[Excerpts from a dataset]
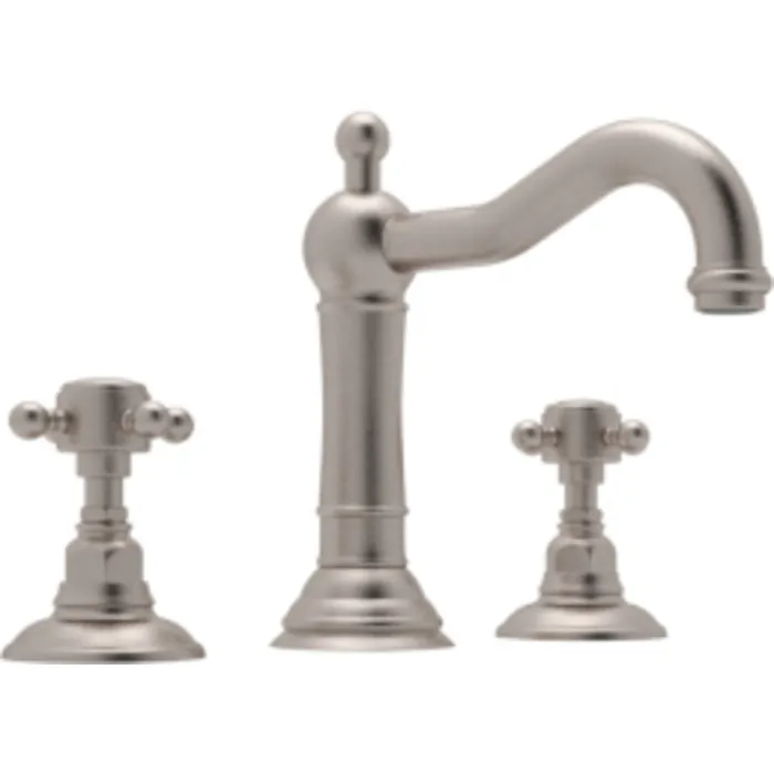 ROHL ITALIAN BATH ACQUI WIDESPREAD LAVATORY FAUCET IN SATIN NICKEL WITH CROSS HANDLES POP-UP AND COLUMN SPOUT
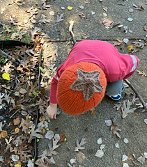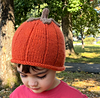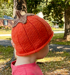 This pumpkin hat is the quintessential fall topper! The seasonal colors and detailed stem make it a fun way to ring in the fall season. It is knit from the bottom up with a rolled edge. Then the stem is knit separately and attached. This construction keeps the hat fitting comfortably with smooth top of head shaping and allows the stem to have more detail.
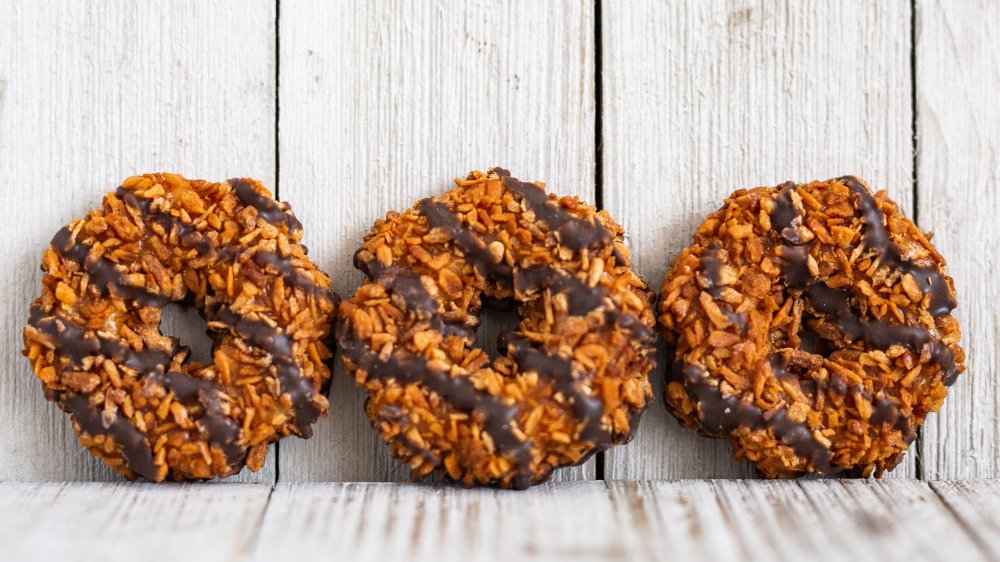 The next cookie that I like is Samos. As NBC reports, “the Samoa was officially introduced in 1976, although Little Brown Bakers claims they were born as early as 1974. Either way, Samoas would quickly become one of the most popular cookies. In 2010, they made up as much as 19 percent of sales, despite being one of the younger cookies.”
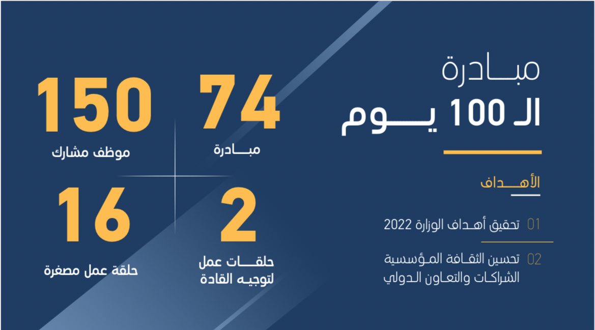 عززنا من الثقافة المؤسسية والشراكات والتعاون الدولي عبر مبادرة الـ100 يوم للعام 2022، مع 74 مبادرة بمشاركة 150 موظف، في 16 حلقة عمل مصغرة، وحلقتين عمل لتوجيه القادة؛ #لمجتمعات_مزدهرة
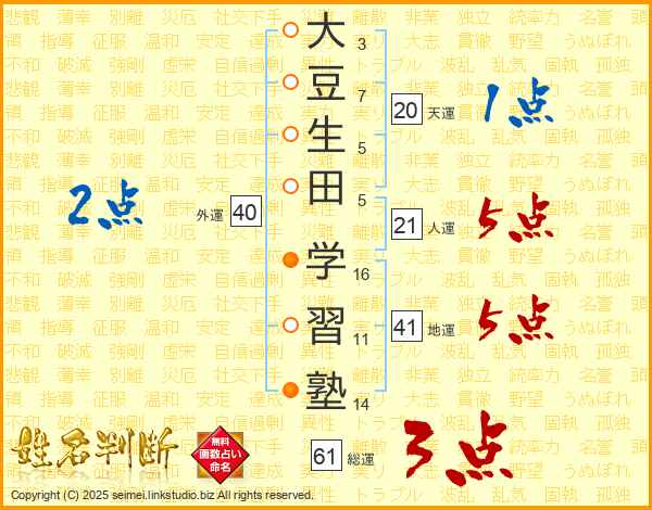 大(3画)豆(7画)生(5画)田(5画) 学(16画)習(11画)塾(14画)
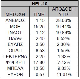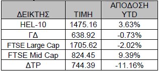 Ο FTSE Mid Cap και ο HEL-10 παρουσιάζουν αξιοπρεπείς θετικές αποδόσεις ενώ ο ΔΤΡ παρουσιάζει απώλειες 11% YTD.
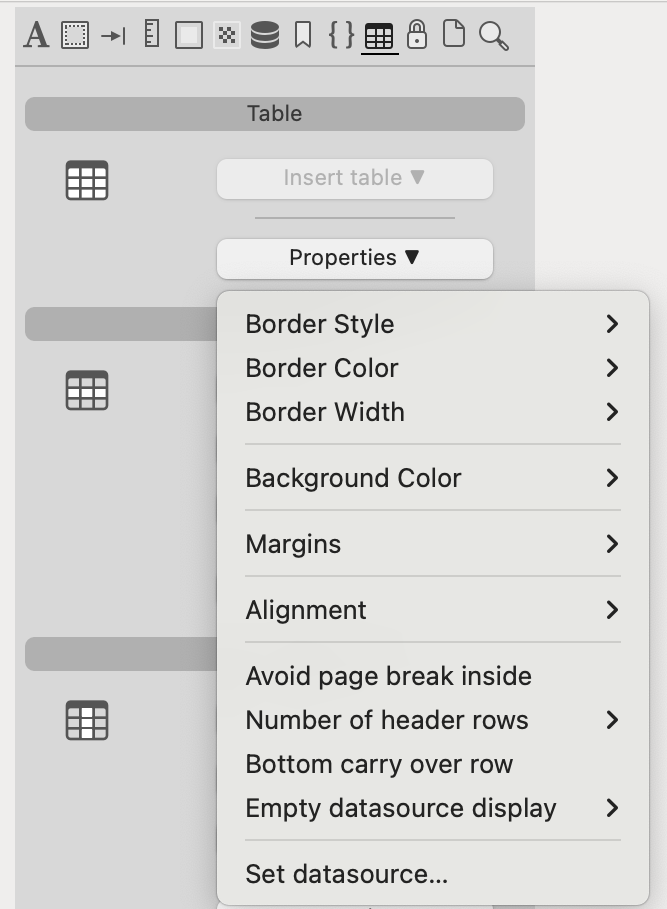 In Insert table you can choose between one of the proposed template tables and modify it using the properties menu, or choose the Wizard table that appears at the end of the list to further simplify the table creation process. See the Table Wizard documentation for more details.
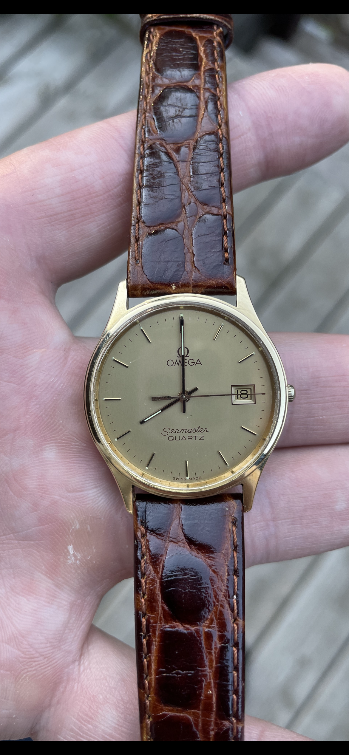 I was recently passed down an Omega Seamaster Quartz watch. I just can’t seem to figure out what the reference number would be even after spending hours on the internet. The closest I have found is the 196.0775 Seamaster. However, my case back looks different. I haven’t been able to find once case back that looks like mine. I also haven’t been able to find a case back that has a case where there are four screws on the back. Here are some photos.
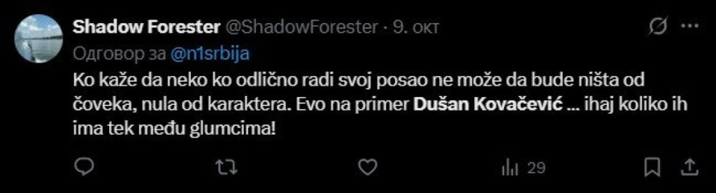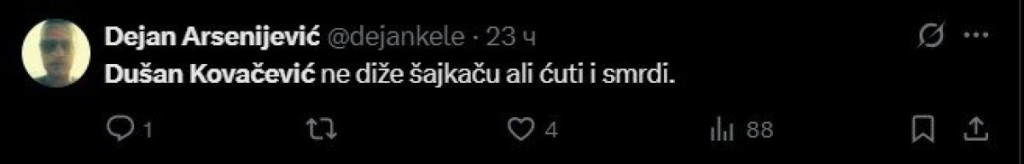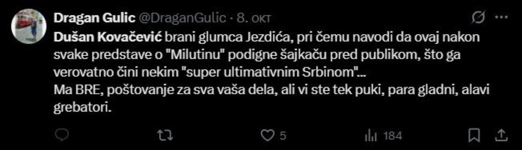 "Ko kaže da neko ko odlično radi svoj posao ne može da bude ništa od čoveka, nula od karaktera. Evo na primer Dušan Kovačević.. ihaj koliko ih ima tek među glumcima", "Dušan Kovačević ne diže šajkaču ali ćuti i smrdi", "Dušan Kovačević brani glumca Jezdića, pri čemu navodi da ovaj nakon svake predstave o `Milutinu` podigne šajkaču pred publikom, što ga verovatno čini nekim `super ultimativnim Srbinom`... Ma bre, poštovanje za sva vaša dela, ali vi ste tek pukli, para gladni, alavi grebatori", samo su neki od sramotnih komentara na društvenoj mreži X upućenih Kovačeviću.
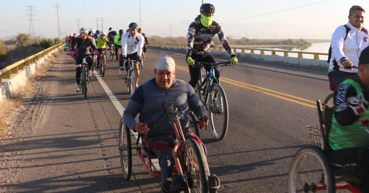 El recorrido llevó a los deportistas a disfrutar de los paisajes matutinos del valle hasta llegar a Playa Las Cabras, combinando actividad física con un gesto de generosidad hacia los abuelitos de Escuinapa.
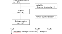 Depending on the severity of AEs, the dose of capecitabine was reduced according to the protocol. When a grade 2 AE developed for the first time, treatment with capecitabine was suspended until the AE improved to grade ≤ 1, and then resumed at the same dose. If a grade 2 AE occurred twice or more and if a grade 3 AE occurred, the dose of capecitabine was reduced by 25%. The minimum dose of 50% of the initial dose was allowed in the protocol.
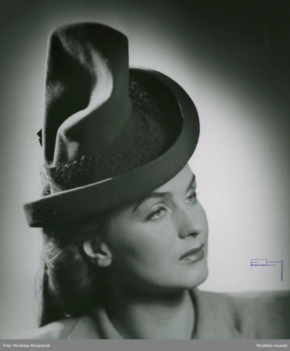 Modell i hatt från Rose Valois med hög, mjuk kulle, brätte med uppvikt kant. Hattband och flor runt kullen.
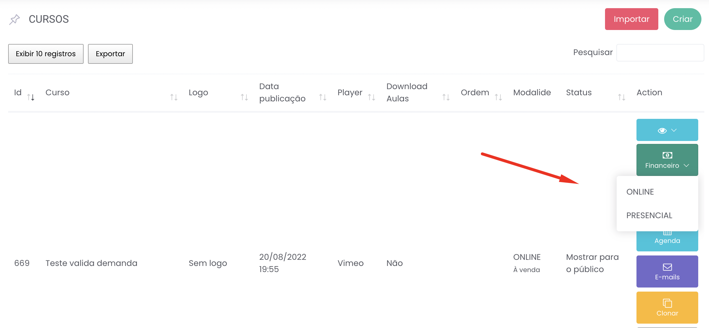 Em Acadêmicos → Cursos, vá até o curso que deseja disponibilizar para venda e cliquem em Financeiro → Online:
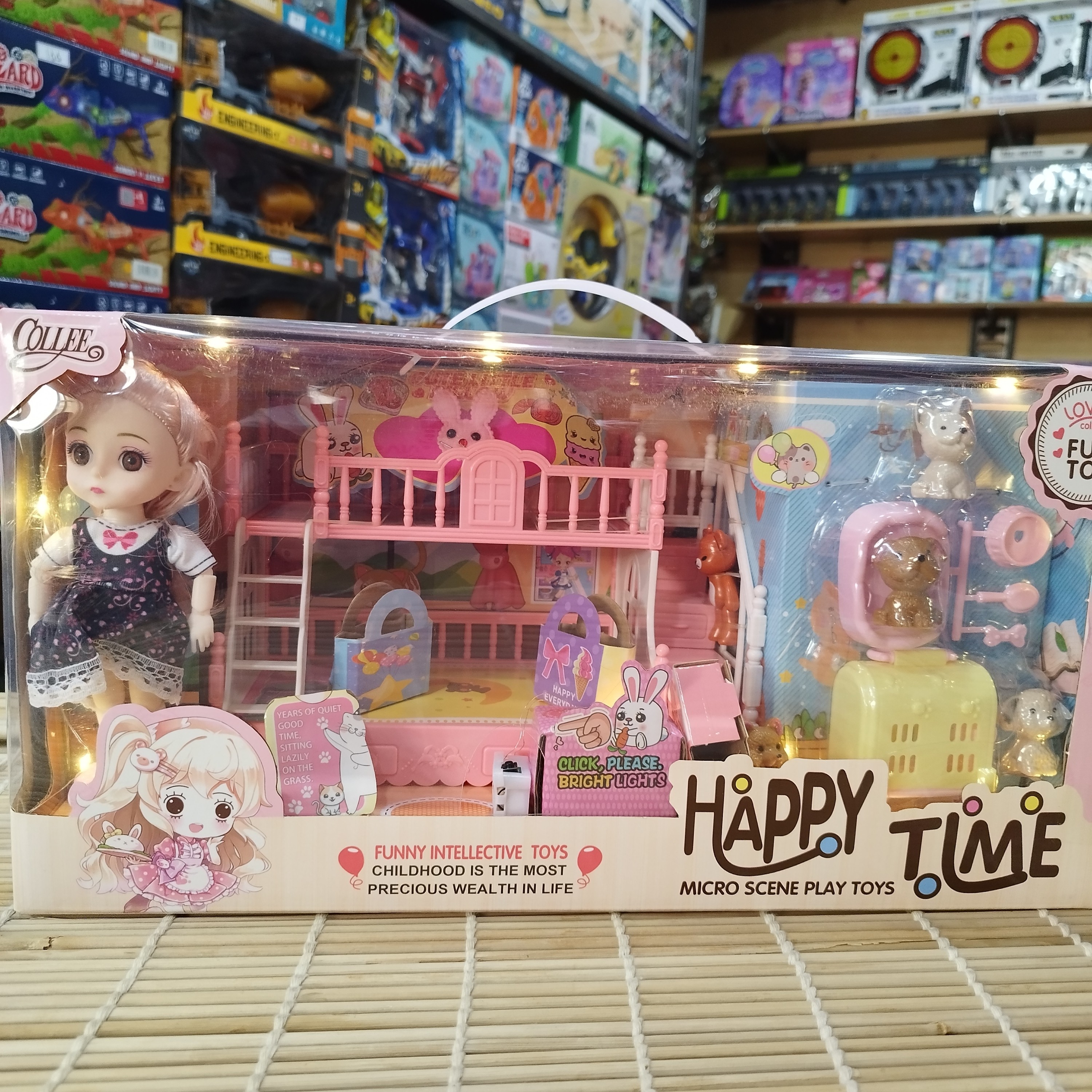 ست اسباببازی Happy Time – مدل اتاق کودک با تخت دوطبقه این ست زیبا شامل یک عروسک دوستداشتنی، تختخواب دوطبقه، میز و صندلی کودک، لوازم جانبی و حیوانات کوچک است. طراحی رنگارنگ و فانتزی آن، کودک را وارد دنیایی از بازیهای تخیلی و مهیج میکند. ویژگیها: مناسب برای کودکان بالای 3 سال شامل عروسک، تخت، میز، صندلی، لوازم کودک و حیوانات،چراغ کمک به رشد خلاقیت و بازیهای نقشآفرینی ساخته شده از مواد باکیفیت و ایمن
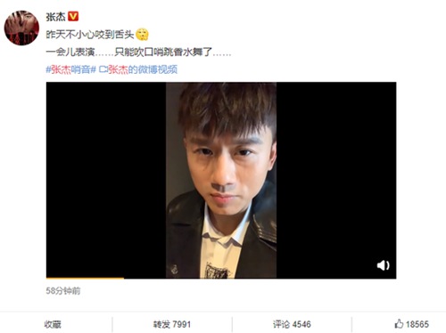 1月20日下午,张杰在微博发布一则视频,视频中张杰称自己即将参加活动唱歌却把舌头咬伤了,还开玩笑称:“只能吹口哨跳香水舞了”。
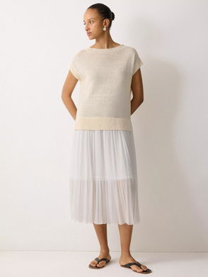 Pleated Skirt Wool Rich Jumper Dress, Khaki

# [Exercise description]
Set the pictures aside and reproduce exactly the lines above, from the line holding "Modell i hatt" through the line holding "Em Acadêmicos →", both included, with nothing else.

# [Task response]
 Modell i hatt från Rose Valois med hög, mjuk kulle, brätte med uppvikt kant. Hattband och flor runt kullen.
 Em Acadêmicos → Cursos, vá até o curso que deseja disponibilizar para venda e cliquem em Financeiro → Online:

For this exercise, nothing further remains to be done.